§ **EXERCISE DIRECTIONS**: Print each record below precisely, with every picture left out of the copy.

§ **Extracted records**:
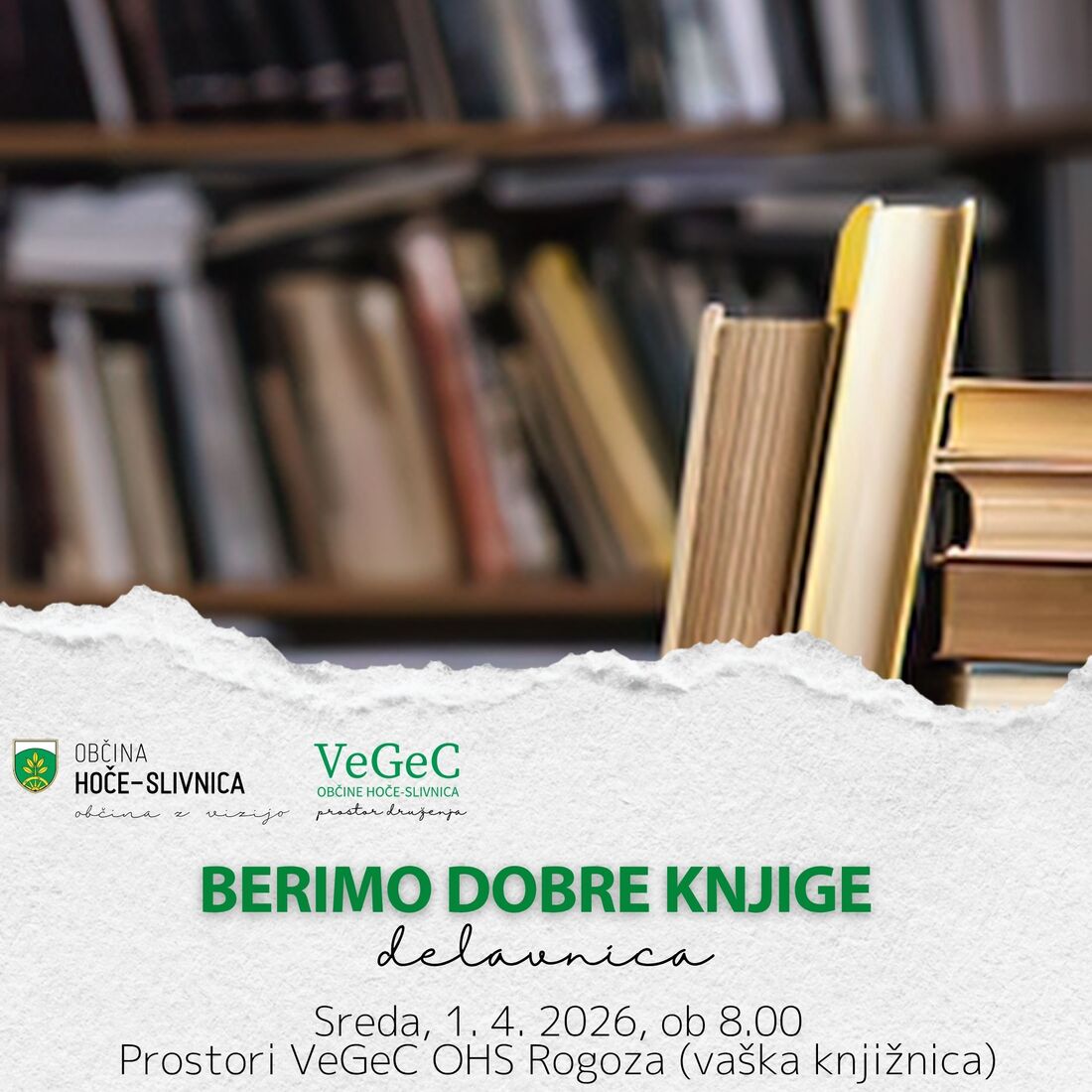 Vabimo vas na delavnico Berimo dobre knjige, s predstavitvijo Vaške knjižnice, ki bo v sredo, 1. 4. 2026 ob 8.00 v centru VeGeC OHS Rogoza.
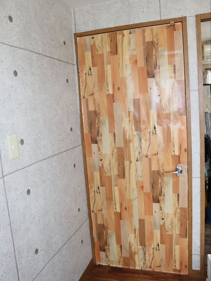 ドアは木目調にしました。ドアは糊が使えないのでマスキングテープ&両面テープ使用です。
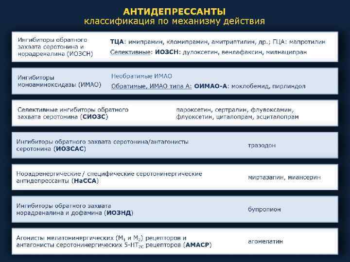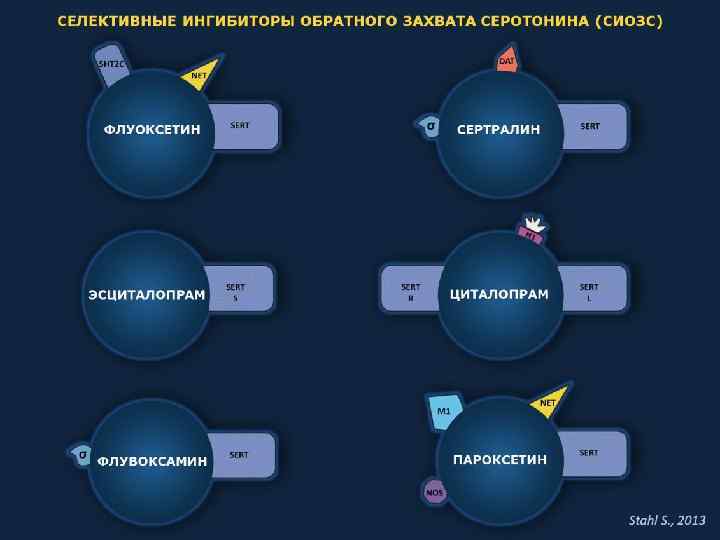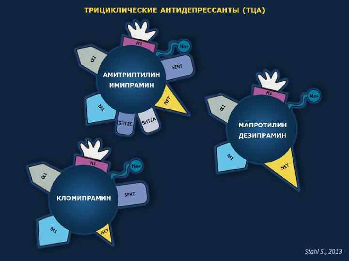 Эволюция антидепрессантов с пе От ТЦА 1 H 1 5 -HT переносимость NA р к Моноселективным препаратам ACh TCA о ен (+) эффективность СИОЗС (-) К препаратам с эф ф двойным механизмом ек т ив СИОЗСНност ь 5 -HT NA (+ ) 5 -HT
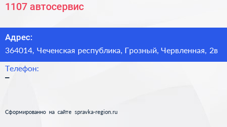 1107, автосервис по адресу 364014, Чеченская республика, Грозный, Червленная, 2в в дальнейшем Организация, размещена в следующих категориях:
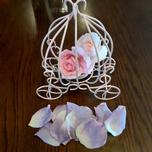 こんにちわ❤️ 今日の埼玉は雨で肌寒いです ☔ 「今朝カットしてきたバラさん達」 ①馬車とバラ🌹✨💍✨ ②ブルーフォューの花びらを花の形にして真ん中に千日紅を入れてお花を作りました🎵 ブルーフォ-ュ-は何て素敵なカ ラーなんでしょう😌😌😌❤ ③今朝のシェラザード🌹☔なのでカットしました🌹 ④マチルダ🌹かわいい🎀 ⑤雨の中咲いていたゴールドバニー🌹💛👯 蕾があがってきたけど寒そう😲
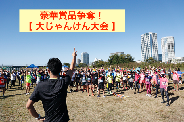 いろいろな方にご参加いただくエンジョイリレーマラソンの大会賞品は、大会結果にかかわらず全ての方に獲得チャンスがあります。豪華賞品がもらえる「大じゃんけん大会」に是非ご参加ください!

§ **YOUR SOLUTION**:
 Vabimo vas na delavnico Berimo dobre knjige, s predstavitvijo Vaške knjižnice, ki bo v sredo, 1. 4. 2026 ob 8.00 v centru VeGeC OHS Rogoza.
 ドアは木目調にしました。ドアは糊が使えないのでマスキングテープ&両面テープ使用です。
 Эволюция антидепрессантов с пе От ТЦА 1 H 1 5 -HT переносимость NA р к Моноселективным препаратам ACh TCA о ен (+) эффективность СИОЗС (-) К препаратам с эф ф двойным механизмом ек т ив СИОЗСНност ь 5 -HT NA (+ ) 5 -HT
 1107, автосервис по адресу 364014, Чеченская республика, Грозный, Червленная, 2в в дальнейшем Организация, размещена в следующих категориях:
 こんにちわ❤️ 今日の埼玉は雨で肌寒いです ☔ 「今朝カットしてきたバラさん達」 ①馬車とバラ🌹✨💍✨ ②ブルーフォューの花びらを花の形にして真ん中に千日紅を入れてお花を作りました🎵 ブルーフォ-ュ-は何て素敵なカ ラーなんでしょう😌😌😌❤ ③今朝のシェラザード🌹☔なのでカットしました🌹 ④マチルダ🌹かわいい🎀 ⑤雨の中咲いていたゴールドバニー🌹💛👯 蕾があがってきたけど寒そう😲
 いろいろな方にご参加いただくエンジョイリレーマラソンの大会賞品は、大会結果にかかわらず全ての方に獲得チャンスがあります。豪華賞品がもらえる「大じゃんけん大会」に是非ご参加ください!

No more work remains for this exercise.